Issue: Needs verification. The DLQ doc quotes worker_count = 4 from gateway.toml, but the actual worker queue pattern in the
codebase uses TransactionSubmissionWorker (in tx_worker.rs) which is sequential by design for nonce safety (see performance.md).
The doc seems to conflate the transaction submission worker with a general "worker queue" — these are different things with
different failure semantics.
Cannot Verify (deploy repo not available locally)
The following claims reference newton-prover-avs-deploy which isn't on this machine. The line numbers and code snippets in the doc
look plausible, but I can't independently confirm:
- Termination protection disabled (base_stack.py:33)
- ALB health check 200-499 (gateway_service.py:136)
- min_healthy_percent=25 (ecs_service.py:306)
- Testnet Datadog disabled (environments.py:169-170, 213-214)

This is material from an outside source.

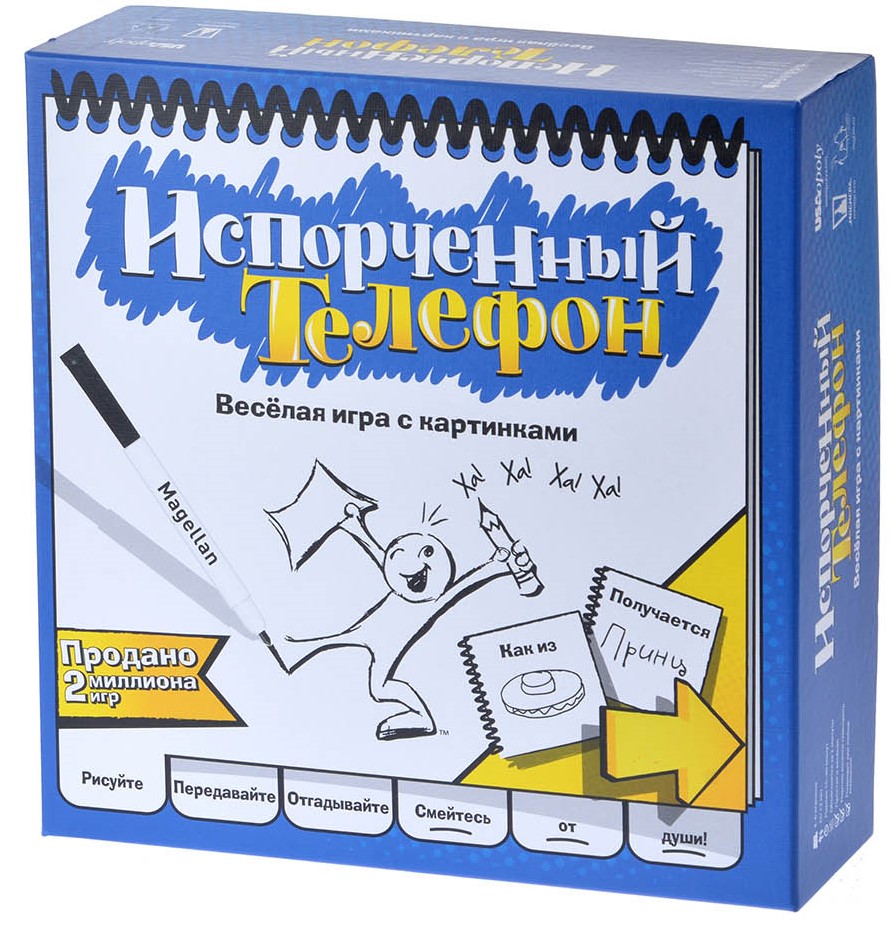 Настольная игра «Сломанный / Испорченный телефон» (Telestrations) — это веселая забава для веселой компании от 4 до 8 человек или семейного досуга с игроками старше 12 лет. Производитель игры позаботился обо всем чтобы игра шла динамична и с комфортом, в ней не надо самим придумывать слова - на карточках их больше 1700, а специальная атрибутика игры — стирающиеся маркеры, салфетки и специальные пластиковые блокноты, позволяют пользоваться ей долгое время.

- Stagef Redis single-node
- SNS topics unwired
- Sidecar images unpinned
Question for author: Can you share access to the deploy repo so these can be verified? Or confirm these line numbers are current
as of the analysis date?
---
P0 Items — Critical Assessment
1. Datadog Monitors as Code (Terraform) — AGREE P0
Good call. The two-tier model (Terraform for oncall, UI for dev) is pragmatic and avoids the common trap of trying to codify
everything. The ~25-30 monitor target is reasonable.
Concern: The Terraform implementation plan proposes S3 + DynamoDB state backend. For a team new to Terraform, this adds
operational overhead. Consider using Terraform Cloud free tier initially — it handles state locking and provides a UI for plan
review.
Suggestion: Start with 5-10 critical monitors, not 25-30. For testnet-prod readiness, you need: ECS task count, gateway P99
latency, quorum failures, circuit breaker state, and ALB 5xx. The rest can come in a fast follow.

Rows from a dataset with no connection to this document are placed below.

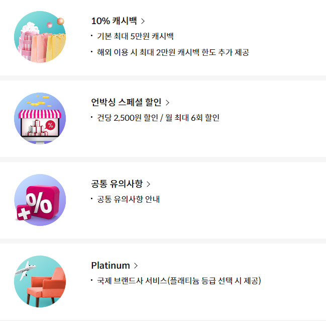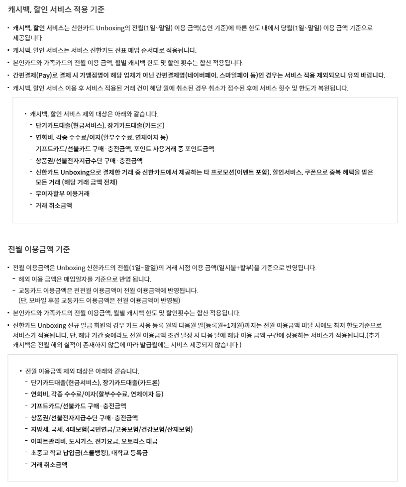 다음은 신한카드 언박싱 혜택입니다.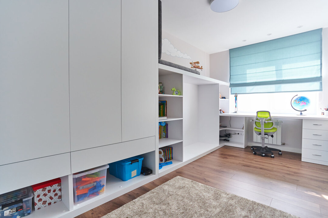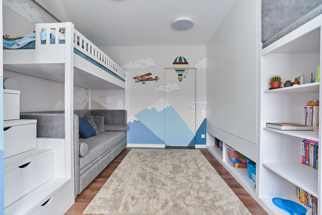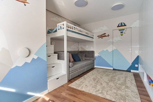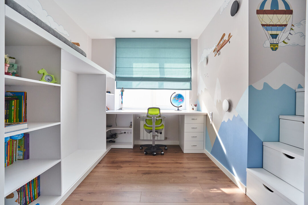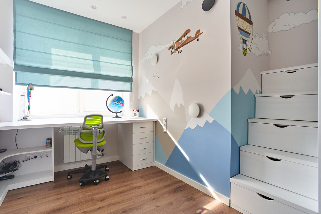 В детской дизайнеры воплотили все «хотелки» ребенка. Кровать сделана из крашеной фанеры, которая считается самым надежным материалом для детских комнат. Стену расписывал художник по референсам от дизайнера студии. В детской все продумано до мелочей — много места для хранения, рабочее место для ребенка.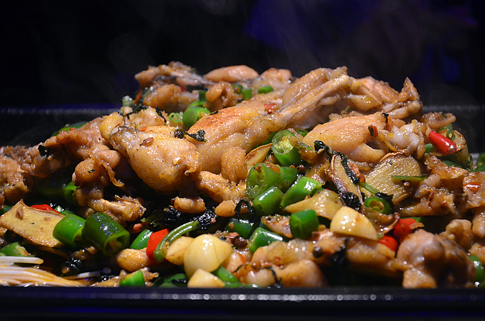 炭烧牛蛙泡锅(香辣味),热气腾腾,香气四溢,夹起一块送入口中,香辣够味,瞬间激活味蕾,喜欢吃辣的同学一定要点这道哦!

2. Enable Datadog for Testnet — AGREE P0
This is a no-brainer. The risk assessment ("None to application behavior") is correct. One-line config change per environment.
Question: The doc says redis_secret_arn=None for testnet too. Is this because testnet doesn't use Redis, or because it's another
missing config? If testnet-prod runs 10 gateways and the gateway uses Redis for caching/dedup/chain-watcher filtering, missing
Redis would mean those features are silently disabled.

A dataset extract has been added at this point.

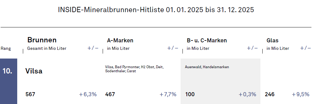 Es war nicht nur das Wassergeschäft in Weichpackungen der Marke Carat, die Vilsa im Jahr zuvor von Christinen gekauft hat. Vor allem die Galionsfigur Vilsa stürmt weiter. Während die B-/C-Marken in etwa stagnierten, legten die Hauptmarken um satte 7,7 % zu. Beim Biovermarkter Denns hat die Marke Vilsa eine Dauerlistung.

3. Deep Health Check Endpoint — AGREE P0, with caveats
The proposed /health/ready design is solid. The check list (DB, Redis, operator pool, worker queue) is correct.
Caveats:
- Redis check should be non-fatal. The gateway's multi-tier cache (Moka L1 + Redis L2) is designed to degrade gracefully — if
Redis is down, L1 cache still works. Making Redis failure = unhealthy would cause unnecessary instance rotation. Use a degraded
status instead.
- Operator pool check needs multichain awareness. In multichain mode, there's a per-chain ChainService with its own operator_pool.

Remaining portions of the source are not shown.